If x , y, z are in G.P. and `a^x = b^y = c^z` , then `log_b a* log_b c ` is equal to :

To solve the problem, we need to analyze the given conditions and derive the required expression step by step. ### Step-by-Step Solution: 1. **Understand the Given Conditions**: We are given that \( x, y, z \) are in Geometric Progression (G.P.) and that \( a^x = b^y = c^z \). 2. **Express the Equalities Using Logarithms**: Since \( a^x = b^y = c^z \), we can set this common value equal to some constant \( k \).
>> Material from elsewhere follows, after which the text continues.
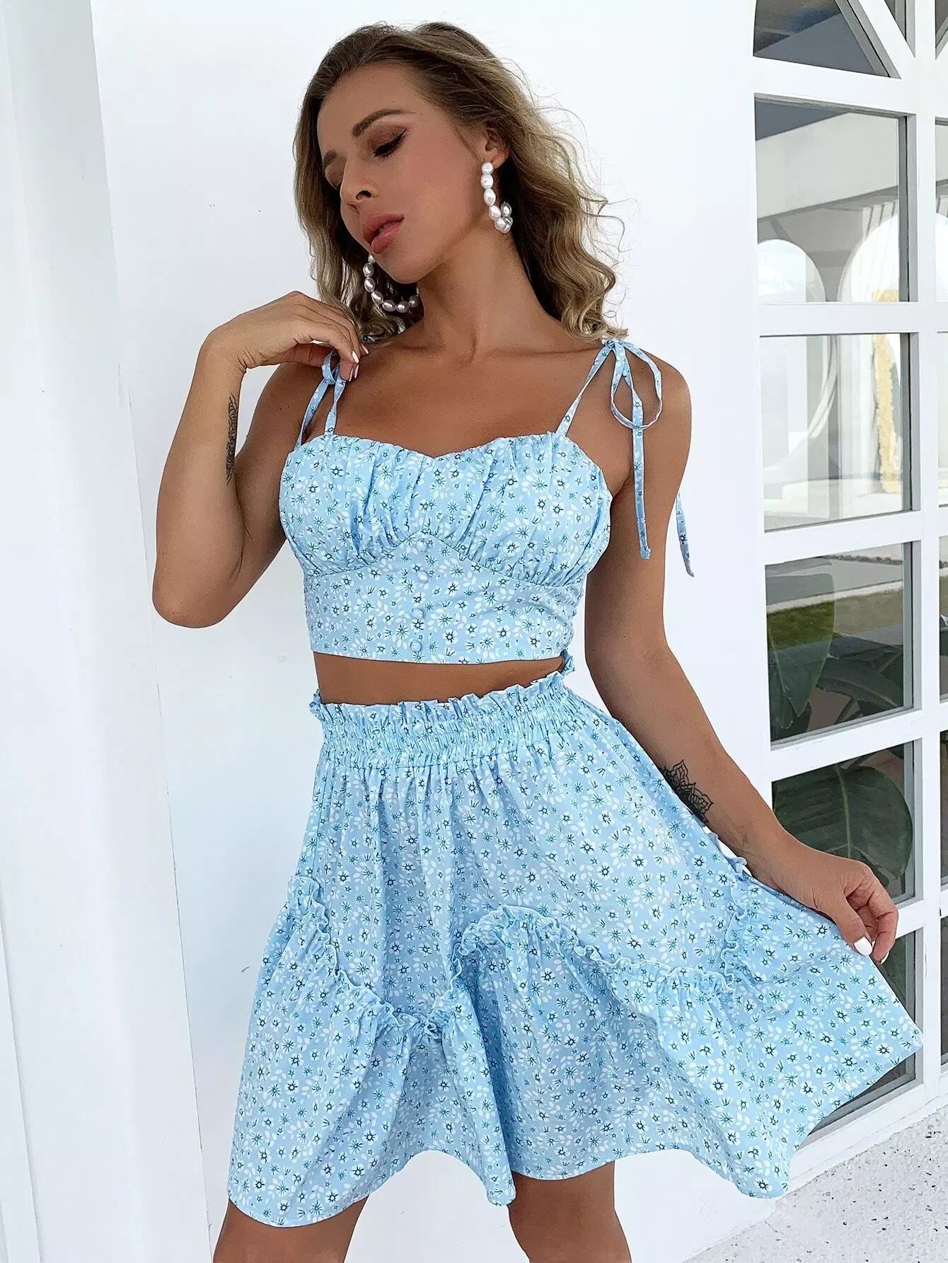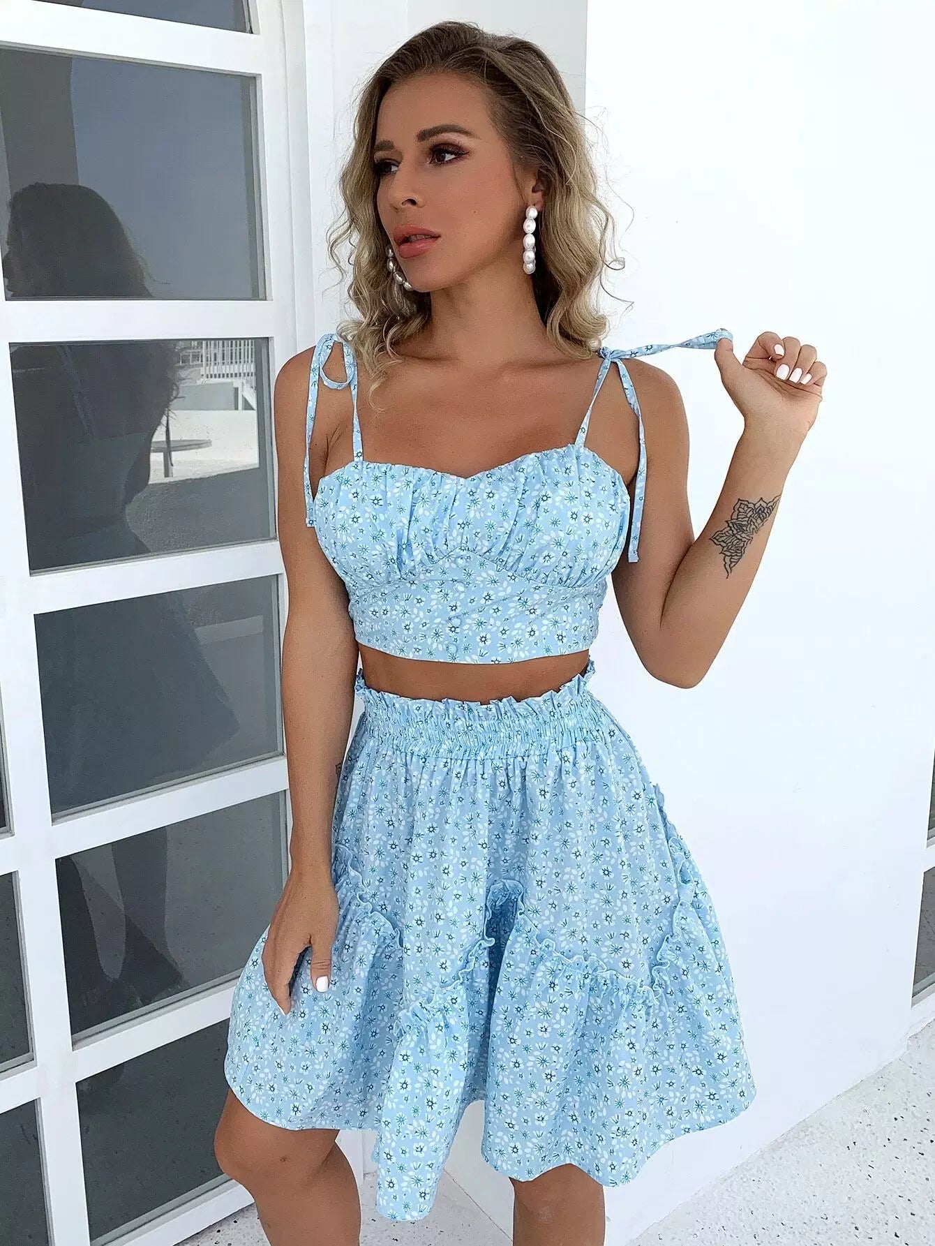 Knotted Shoulder Ditsy Floral Cami Top & Skirt Set

Thus, we can write: \[ a^x = k, \quad b^y = k, \quad c^z = k \] 3. **Take Logarithms**: Taking logarithms on both sides gives us: \[ x \log a = \log k, \quad y \log b = \log k, \quad z \log c = \log k \] 4. **Express \( x, y, z \) in terms of \( k \)**: \[ x = \frac{\log k}{\log a}, \quad y = \frac{\log k}{\log b}, \quad z = \frac{\log k}{\log c} \] 5. **Use the G.P. Condition**: Since \( x, y, z \) are in G.P., we have the condition: \[ y^2 = xz \] 6. **Substitute the Values**: Substituting the expressions for \( x, y, z \): \[ \left(\frac{\log k}{\log b}\right)^2 = \left(\frac{\log k}{\log a}\right) \left(\frac{\log k}{\log c}\right) \] 7. **Simplify the Equation**: This gives us: \[ \frac{(\log k)^2}{(\log b)^2} = \frac{(\log k)^2}{\log a \cdot \log c} \] 8. **Cancel \( (\log k)^2 \)** (assuming \( k \neq 1 \)): \[ \frac{1}{(\log b)^2} = \frac{1}{\log a \cdot \log c} \] 9. **Cross Multiply**: \[ \log a \cdot \log c = (\log b)^2 \] 10. **Rearranging the Expression**: We need to find \( \log_b a \cdot \log_b c \): \[ \log_b a = \frac{\log a}{\log b}, \quad \log_b c = \frac{\log c}{\log b} \] Therefore, \[ \log_b a \cdot \log_b c = \left(\frac{\log a}{\log b}\right) \cdot \left(\frac{\log c}{\log b}\right) = \frac{\log a \cdot \log c}{(\log b)^2} \] 11. **Substituting the Value**: From our earlier result, we know that \( \log a \cdot \log c = (\log b)^2 \): \[ \log_b a \cdot \log_b c = \frac{(\log b)^2}{(\log b)^2} = 1 \] ### Final Answer: \[ \log_b a \cdot \log_b c = 1 \]